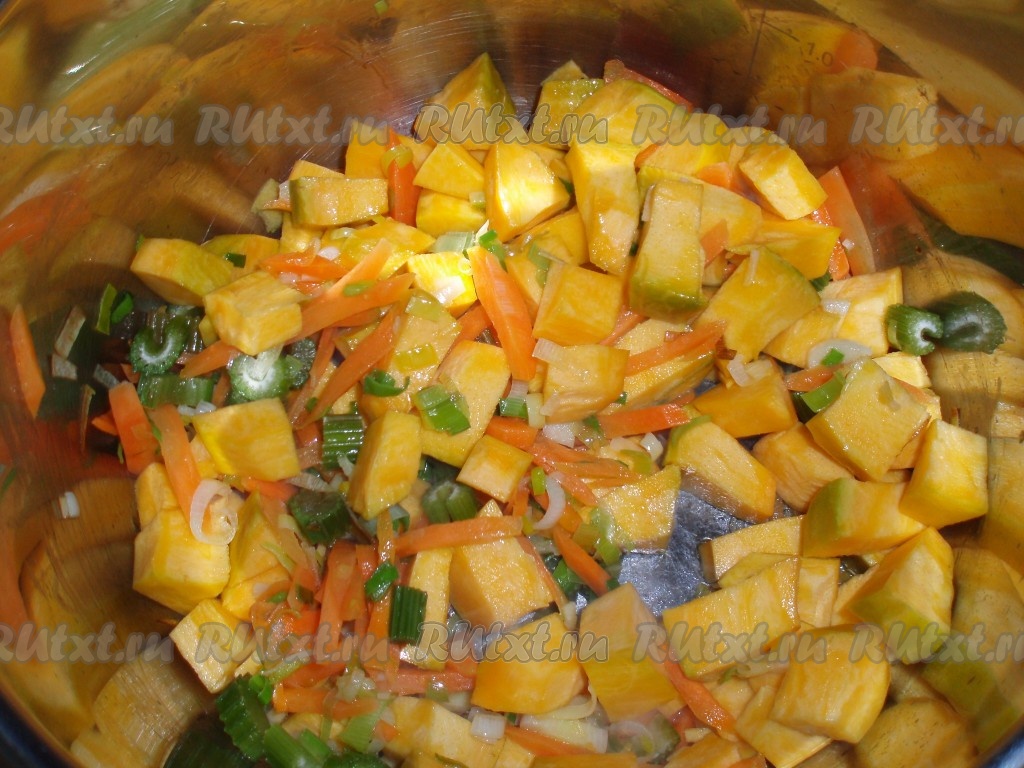 Добавить тыкву, нарезанный сельдерей и продолжать обжаривание при помешивании в течение минут 5.
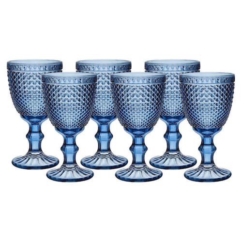 Jogo de Taças para Água Bico de Jaca Azul 6 Peças HauskraftDecore sua mesa com este lindo jogo de taças de água, sendo ideal para qualquer ocasião que você queira servir bem. Design elegantes com seus relevos que dará requinte a sua mesa. Completa o seu lar, dando aquele toque de sofisticação e charme.- Dimensões da Peça: 9 x 9 x 17cm- Cuidados:• Use somente esponja macia e sabão neutro.• Não limpe as peças com esponjas ásperas, palha de aço ou produtos abrasivos.• Enxágue com água em abundância.• Para secar, utilize um pano seco e macio.- Atenção:• Evite pancadas e choques térmicos, pois isso poderá causar trincas ou quebras no produto, resultando em cacos de vidro.
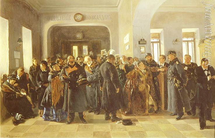 Russland, Interieur, Realismus, Geld, Wanderer, Genreszene, Gier, Unglück, Fülle, Bank, Peredwishniki-Bewegung, Bankrott einer Bank, Bankrott, Pleite, Ruin, Finanzkrise, Schulden, Pech, Reichtum, Peredwischniki, Wohlstand, Vermögensstand, Vermögen
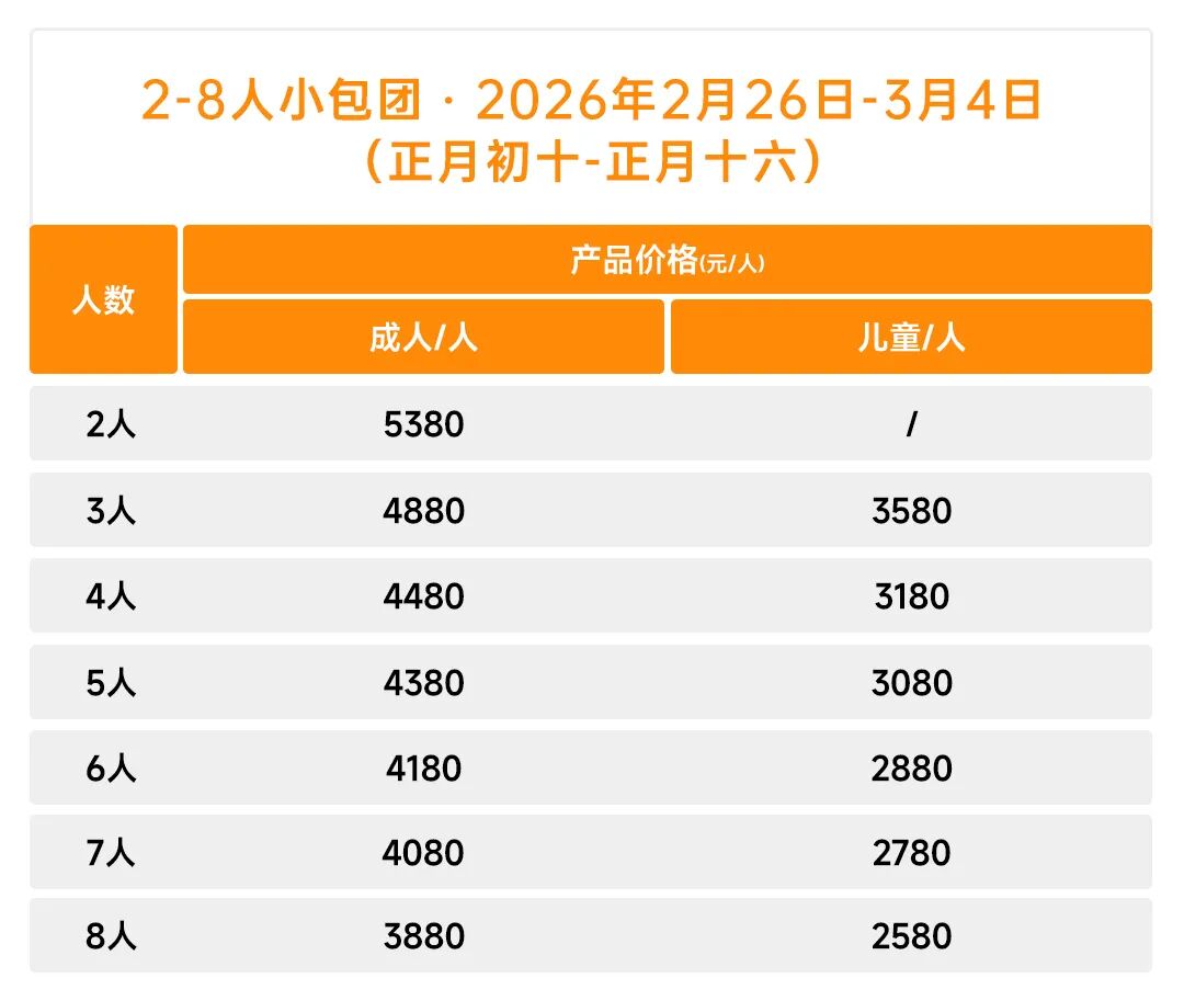 2-8人小包团:一单一团随时出发;
* * *
**Brief**. Copy the material above in full and exactly, skipping pictures.

**Exercise response**.
 Добавить тыкву, нарезанный сельдерей и продолжать обжаривание при помешивании в течение минут 5.
 Jogo de Taças para Água Bico de Jaca Azul 6 Peças HauskraftDecore sua mesa com este lindo jogo de taças de água, sendo ideal para qualquer ocasião que você queira servir bem. Design elegantes com seus relevos que dará requinte a sua mesa. Completa o seu lar, dando aquele toque de sofisticação e charme.- Dimensões da Peça: 9 x 9 x 17cm- Cuidados:• Use somente esponja macia e sabão neutro.• Não limpe as peças com esponjas ásperas, palha de aço ou produtos abrasivos.• Enxágue com água em abundância.• Para secar, utilize um pano seco e macio.- Atenção:• Evite pancadas e choques térmicos, pois isso poderá causar trincas ou quebras no produto, resultando em cacos de vidro.
 Russland, Interieur, Realismus, Geld, Wanderer, Genreszene, Gier, Unglück, Fülle, Bank, Peredwishniki-Bewegung, Bankrott einer Bank, Bankrott, Pleite, Ruin, Finanzkrise, Schulden, Pech, Reichtum, Peredwischniki, Wohlstand, Vermögensstand, Vermögen
 2-8人小包团:一单一团随时出发;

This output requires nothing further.